- Opening Delimiter -

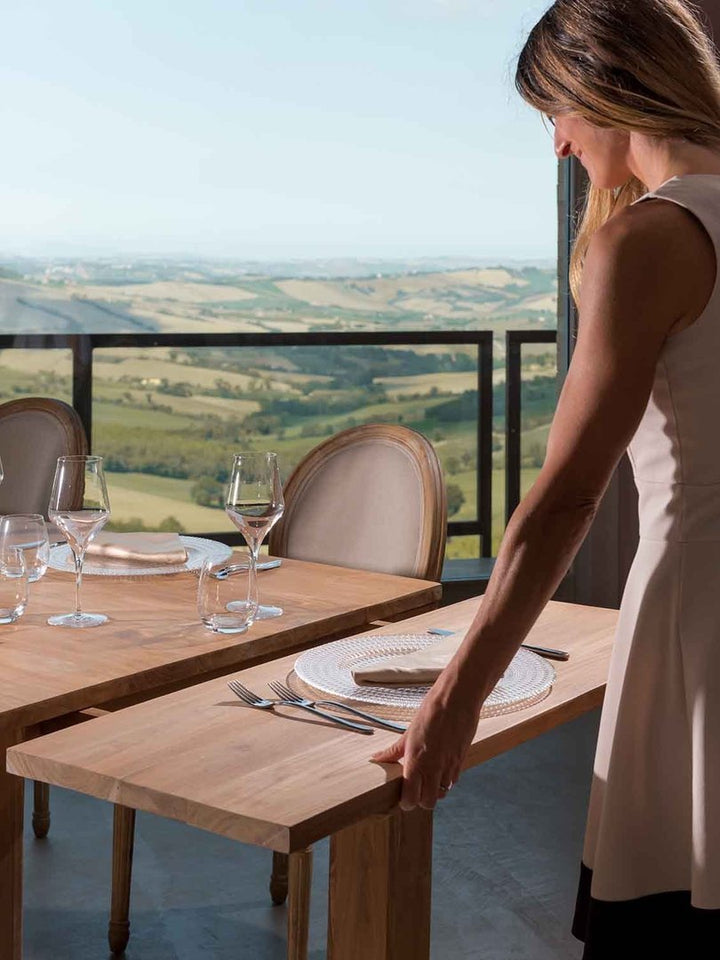 Immergetevi nel fascino del design minimalista con il nostro tavolo allungabile in legno massello di teak naturale cerato. Questo tavolo, ideale per chi cerca eleganza e versatilità, si espande facilmente da 190 a 270 cm mediante due prolunghe da 40 cm ciascuna, perfette per adattarsi a qualsiasi tipo di incontro, da cene intime a grandi riunioni. Le prolunghe, facilmente riponibili in un apposito vano con guide integrato sotto il piano del tavolo, assicurano praticità e ordine. La finitura cerata del teak naturale non solo protegge il legno ma ne esalta anche le calde venature e il colore dorato, contribuendo a creare un ambiente accogliente e raffinato. Con dimensioni di 100 x 190 / 270 x 76 cm e un piano di 3 cm di spessore, questo tavolo da pranzo artigianale è la scelta perfetta per chi desidera coniugare funzionalità e stile in un ambiente domestico elegante.
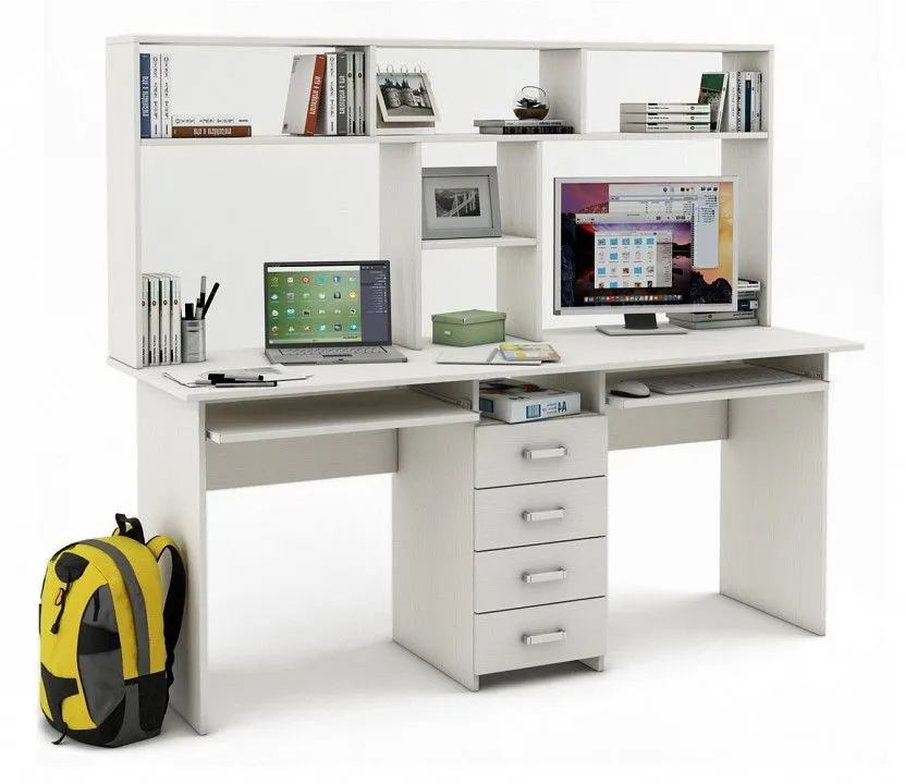надстройка: 2 полки, тумбочка: 4 ящика, 2 выдвижные панели под клавиатуру
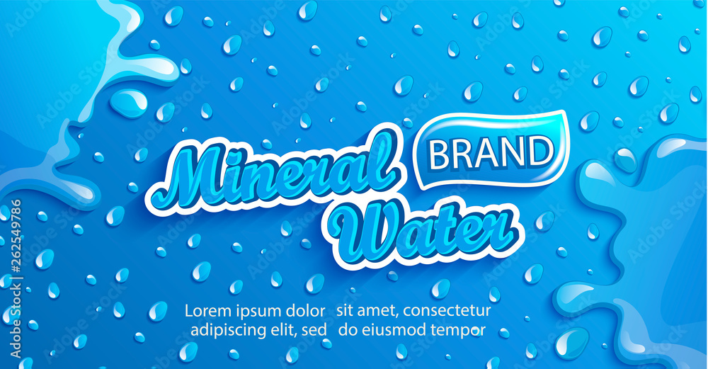 Fotografi Fresh mineral water label, clean and natural with splash and drops from condensation on gradient blue background for brand,logo, template,banner, emblem and store,packaging,advertising,packing
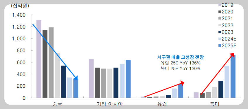 하지만 현재 리밸런싱 초기 구간에서 유의미한 실적 반등을 기록하기는 어렵습니다. 위 도표에서 보시다시피 아모레퍼시픽은 워낙 중국 매출 비중이 과도하게 높은 기업이었기에 리밸런싱을 통해 중국 경쟁력 상실을 상쇄하고 2020년 이전의 이익레벨로 돌아가기 위해서는 상당한 투자가 필요할 것으로 보입니다.
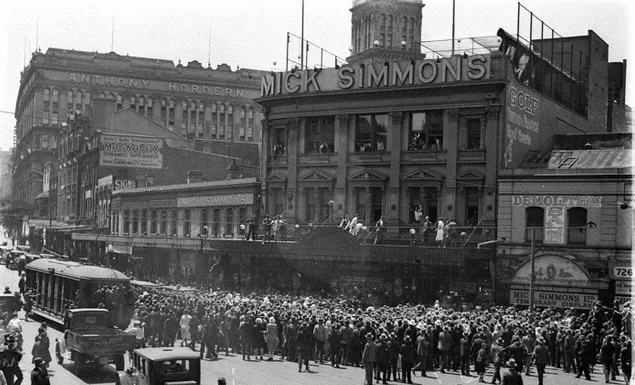 This photograph of Mick Simmons’ store in 1930 was touted as, “huge crowds attending the demolition sales.” However, I have seen it purported that they were there to see Don Bradman on the balcony. This would make some sense. The Don had just returned from a triumphant Ashes tour of England and had been in the employ of Mick Simmons since 1929. Many prominent sportsman were employed by Mick Simmons Ltd and this was a significant factor in the popularity of the store. Cricketers, Stan McCabe and Archie Jackson were at one time in their employ. Facilities available on the rooftop in 1935 included golf nets, a putting green and a tennis court, where patrons could receive tuition from the experts. Inside was furbished with a billiard hall, a rifle range, indoor cricket nets and a theatrette used extensively for lectures.

- Closing Delimiter -

▸ What is needed
Would you restate, exactly and with no pictures, the lines of the entries above from the one containing "надстройка: 2 полки, тумбочка: 4" through the one containing "하지만 현재 리밸런싱"?

▸ Expected answer
надстройка: 2 полки, тумбочка: 4 ящика, 2 выдвижные панели под клавиатуру
 Fotografi Fresh mineral water label, clean and natural with splash and drops from condensation on gradient blue background for brand,logo, template,banner, emblem and store,packaging,advertising,packing
 하지만 현재 리밸런싱 초기 구간에서 유의미한 실적 반등을 기록하기는 어렵습니다. 위 도표에서 보시다시피 아모레퍼시픽은 워낙 중국 매출 비중이 과도하게 높은 기업이었기에 리밸런싱을 통해 중국 경쟁력 상실을 상쇄하고 2020년 이전의 이익레벨로 돌아가기 위해서는 상당한 투자가 필요할 것으로 보입니다.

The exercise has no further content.